_Exercise objective:_ Take the entries below and reproduce exactly the portion that begins at the line containing "explain analyze select" and ends at the line containing "A Note on High", keeping both ends, dropping pictures, and adding nothing else.
+++++
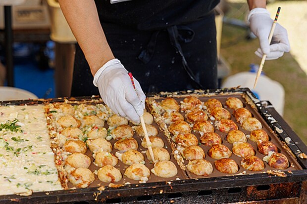 外はカリッと中はトロ〜リのたこ焼きや香ばしいソースの焼きそば、ジューシーなフランクフルトといった定番屋台グルメもたくさん!
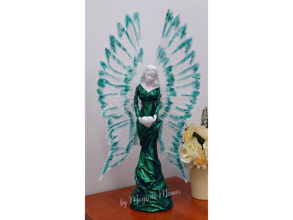 Anděl v zelené o výšce 57 cm, jedná se o ruční práci, proto je každá soška originál.
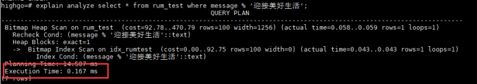 explain analyze select * from rum_test where message % '迎接美好生活';
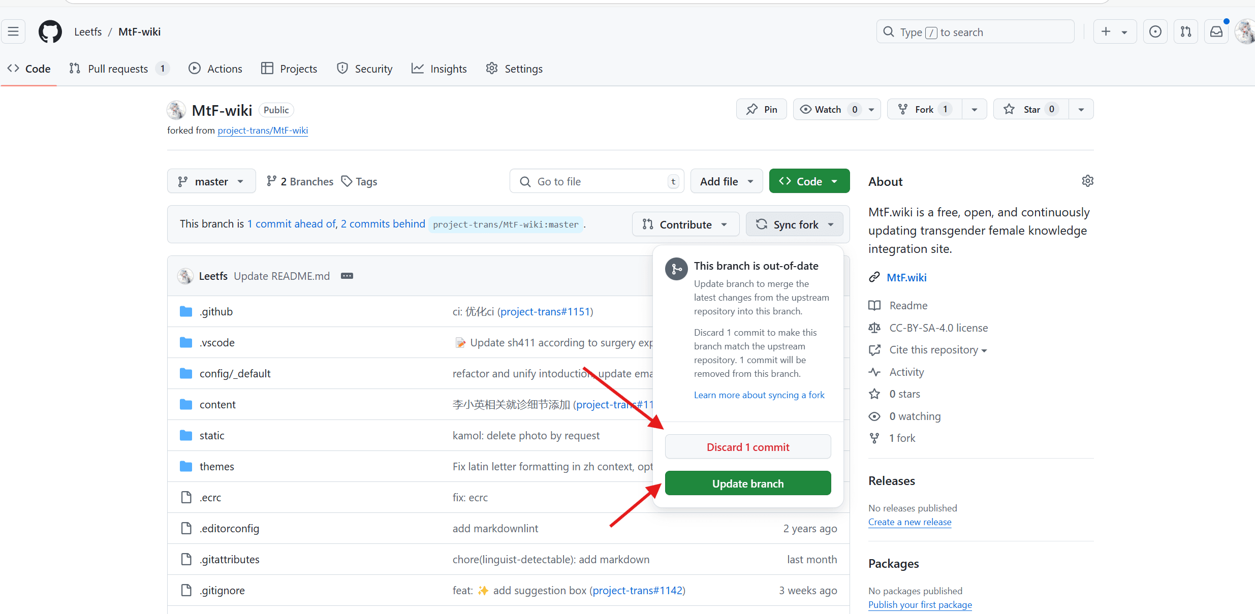 (Both buttons are effective. The first one updates to the latest version and discards your local commits, while the second updates to the latest version)
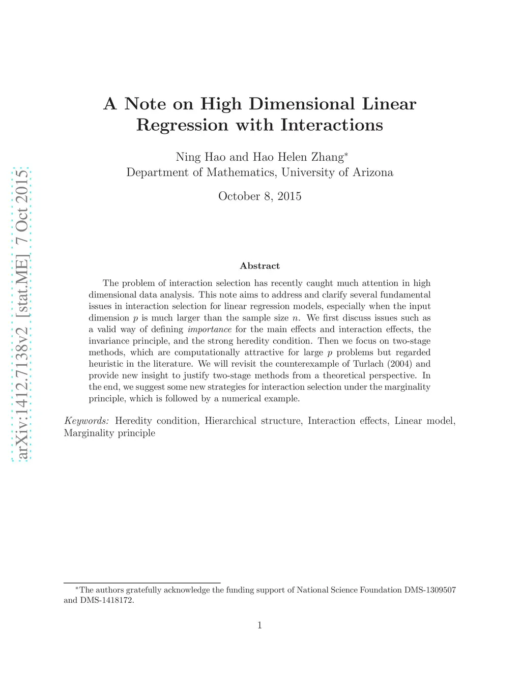 A Note on High Dimensional Linear Regression with Interactions
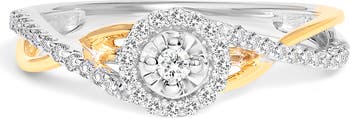 Draped in elegance and encased in modern romance, this mesmerizing promise ring features an exquisite blend of 14K yellow gold-plated .925 sterling silver, intertwined with glistening silver accents, presenting a dramatic canvas for the dance of light performed by natural diamonds. At the heart lies a bewitching round diamond, magnificently framed by a halo of twinkling stars set against a divine miracle plate, amplifying its luminous allure. Each side diamond, held gracefully by a prong setting, continues the ring's story of eternal sparkle with I-J color and I3 clarity that radiate from every facet. This artful creation marries the warmth of yellow gold with the timeless elegance of silver, crafting a piece that promises not just undying love but also a testament to sophisticated craftsmanship in every detail.
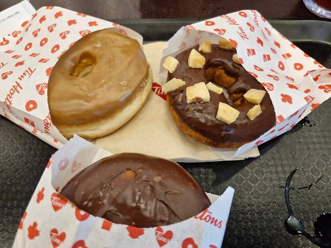 정리하면, 외장과 내부 인테리어는 캐나다를 알 수 있게 다양한 디스플레이가 눈길을 끈다. 홀이 넓어서 그런지 너무 시끄러운 분위기. 동네가 강남이라서인지 모르겠지만 아줌마들이 절반 이상이다. 가격은 좀 더 저렴했으면 좋았을 것 같다. 커피맛은 쏘쏘였고 도넛 종류가 생각보다는 많지 않았다. 눈이 번쩍 띄일만한 경험은 없었고 "캐나다 사람들은 이런 걸 먹는구나"하고 경험상 한 번 다녀올만한 곳이었다.
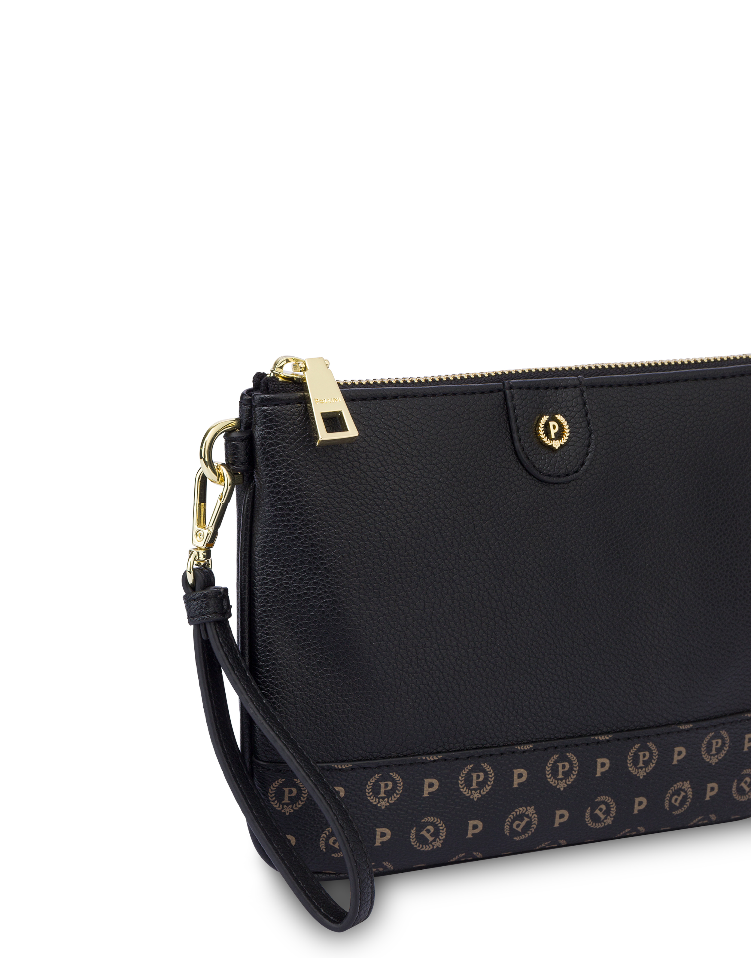 Un accessorio essenziale della piccola pelletteria firmata Pollini: il portamonete si distingue per la raffinata combinazione con il motivo Heritage. Il design orizzontale conferisce un tocco distintivo a questo modello compatto.
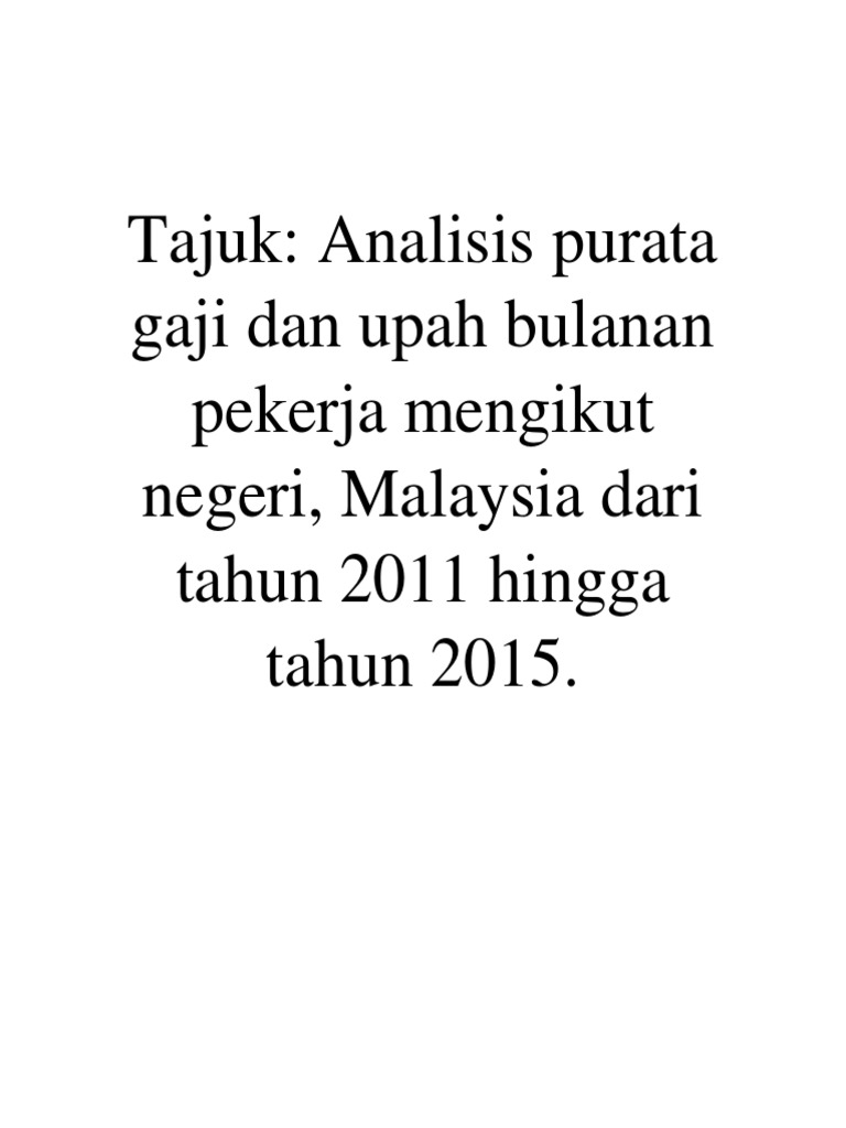 Dalam arah aliran upah purata mengikut strata di malaysia dari tahun 2011 hingga tahun 2015 upah purata meningkat secara berterusan di bandar dan luar bandar. Justeru haruslah dikenalpasti apakah faktor faktor penentu utama yang menyebabkan berlakunya masalah pengangguran di malaysia. The new figures based on the base year of 2010 will be released in the second half of 2015 sumber. Department of statistics malaysia and bank negara malaysia estimates e estimate note.
+++++
_Final answer:_
 explain analyze select * from rum_test where message % '迎接美好生活';
 (Both buttons are effective. The first one updates to the latest version and discards your local commits, while the second updates to the latest version)
 A Note on High Dimensional Linear Regression with Interactions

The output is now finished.